3 July 2008

The animal that speaks

Tom Wolfe may relay a partial truth [1] when, in conversation with Michael Gazzinga [2], he says:
Speech is an artifact. It's not a natural progression of intelligence, in my opinion — we have to look only at the Pirahã for that. It's a code. You're inventing a code for all the objects in the world and then establishing relationships between those objects. And speech has fundamentally transformed human beings.
Gazzinga counters that speech is an adaptation [advantageous, as Steven Pinker among others observes, for negotiating social relationships]. That's likely true, but speech may do several things apart from provide survival benefits, and Robert Pogue Harrison may get a little closer to identifying at least one of them with this:
We don't house ourselves because we speak, nor do we speak because we house ourselves; we house ourselves for the same reason that we speak -- because we are a fold, a crypt, a wrinkle of insideness in the fabric of nature's externality.
Goethe has different view:
[Nature] has neither language nor discourse, but she creates tongues and hearts by which she feels and speaks.
Is poetry more like an urn or a doorway?
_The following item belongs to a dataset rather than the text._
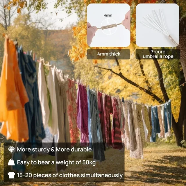 This clothesline can not only be used to dry clothes, but also can be used as a fixed rope for camping tents. It can be used as a protective rope for fishing rods and a spare rope for daily life. High quality and versatile.
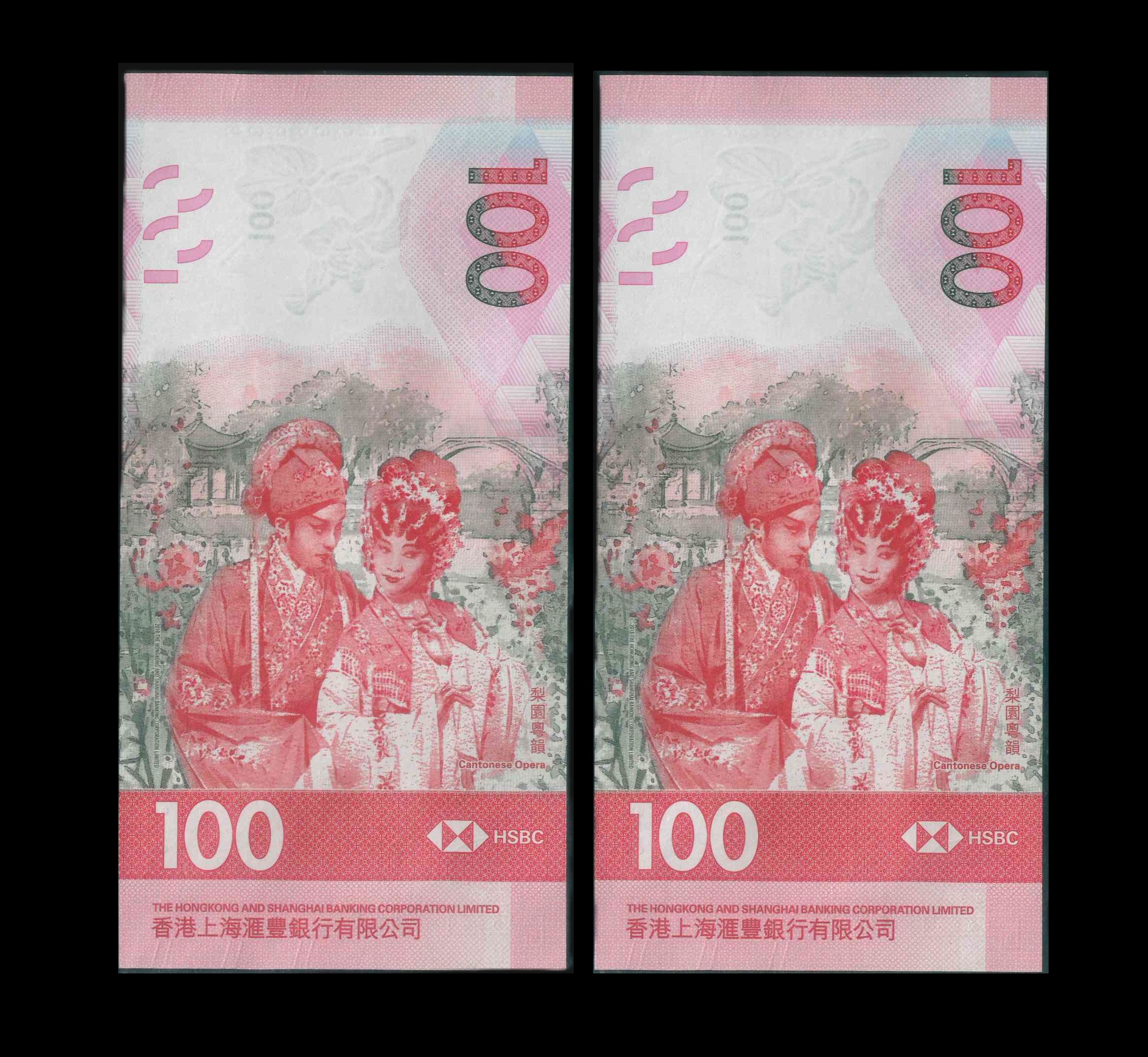 2022 香港上海匯豐銀行$100 UNC 編號: JR969969…(兩標同號,共2張)

Two poems from Basho:
On a white poppy,
a butterfly's torn wing
is a keepsake.

A trapped octopus --
one night of dreaming
with the summer moon.

Footnotes

1. For Lewis Lapham, the whole of our environment is, "in one way or another and to greater or lesser extents, a virtual reality, fabricated by the hand and mind of man":
If it is in the nature of beavers to build dams, and of glaciers to cast off ice bergs, so it is in the nature of man to compose operas, design cows and set in motion the beating of Vice President Dick Cheney's cybernetic heart.
2. Gazzinga says we're only 2 microns down a very long road to understanding the human brain. Does this paper, reported here as if it is a significant advance, add another micron or two?